What mistakes are you making with your sales team? Are sales people spending too much time qualifying? How many contacts does it take them to get an appointment to speak with leads? Every sales person has their strengths and weaknesses. Identifying those and working on the weaknesses is more productive than throwing more leads at them. As their technique improves, they will have more successful conversions and will need fewer leads.

Hold Your Process to Performance Standards

Every step of your sales process should be assigned a weighted average based on its importance in the sales cycle, says Manage Your Leads. It’s not all about the percentage of closes. How much time should sales people spend on cold calls? What percentage of initial contacts result in more significant sales discussions? Establish a baseline for each step of the sales cycle and evaluate your process frequently. Make adjustments until you have the right balance in all steps for your company and products.

One way to be diligent about your sales cycle is by tracking it with tools that manage your overall sales pipeline with software like InsightSquared, which focuses on sales analytics. These tools follow leads from generation to close with metrics about each step. You’ll know where in the cycle each lead is and what is needed to move to the next step. For example, you’ll know if a sales person has prospects bunched up in a post-demo follow-up step but can’t get back to them in a timely way. Your sales managers will have a better idea when to step in and offer assistance instead of losing a deal due to delays.

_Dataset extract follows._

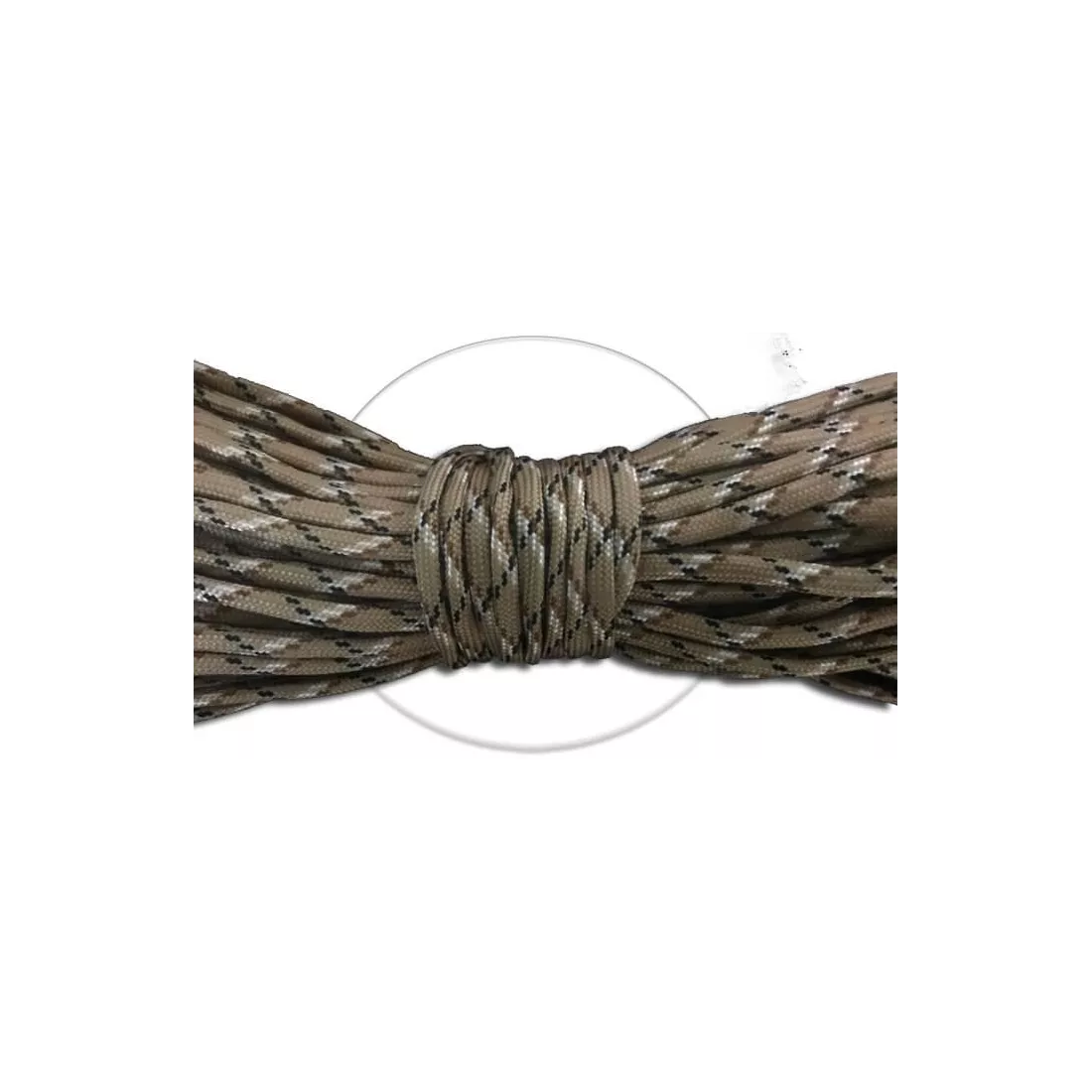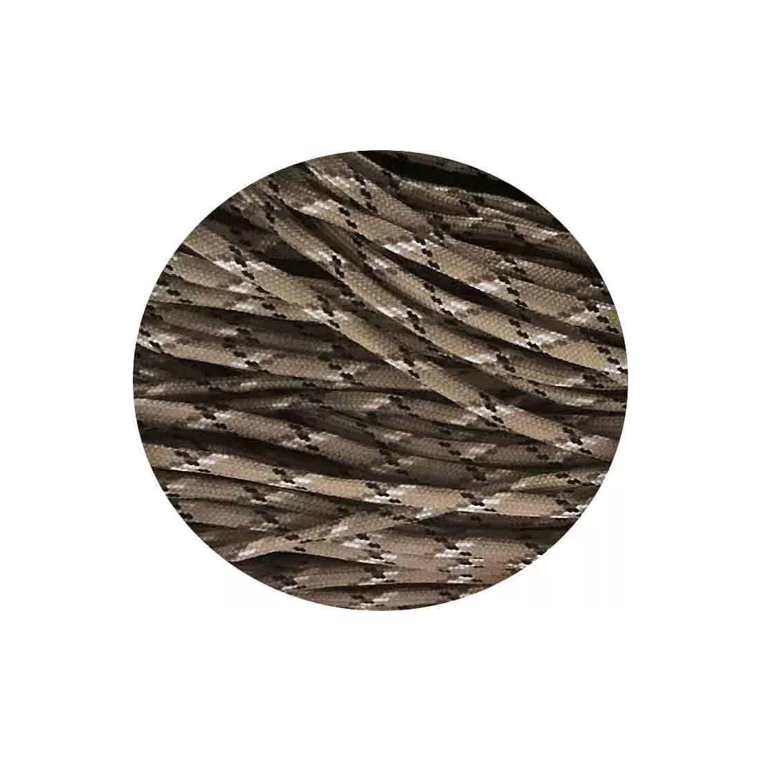 Paire de lacets de chaussures ronds, en paracorde solide et résistante (randonnée, course, paraboots, etc...) dans un magnifique coloris beige sombre tabac, surligné de brun, noir et blanc.

Make Sales a Team Effort Again

There is so much emphasis placed on individual sales quotas and targets that people forget it is a team effort. Each sales person has access to all of the resources in the company to make the sale. If the focus is on making the sale instead of making one’s numbers, then everybody wins.

Sales managers should be prepared to step in at any stage of the sales cycle. They are not just the muscle to bring in to close. Consumers are good with the team approach if each person adds value. They don’t want to feel simply passed around to a different high-pressure sales person. “Let me get you connected with another person on our team who specializes in supply-chain management” is a way to engage your team and let the customer know you are trying to come up with the best solution for them.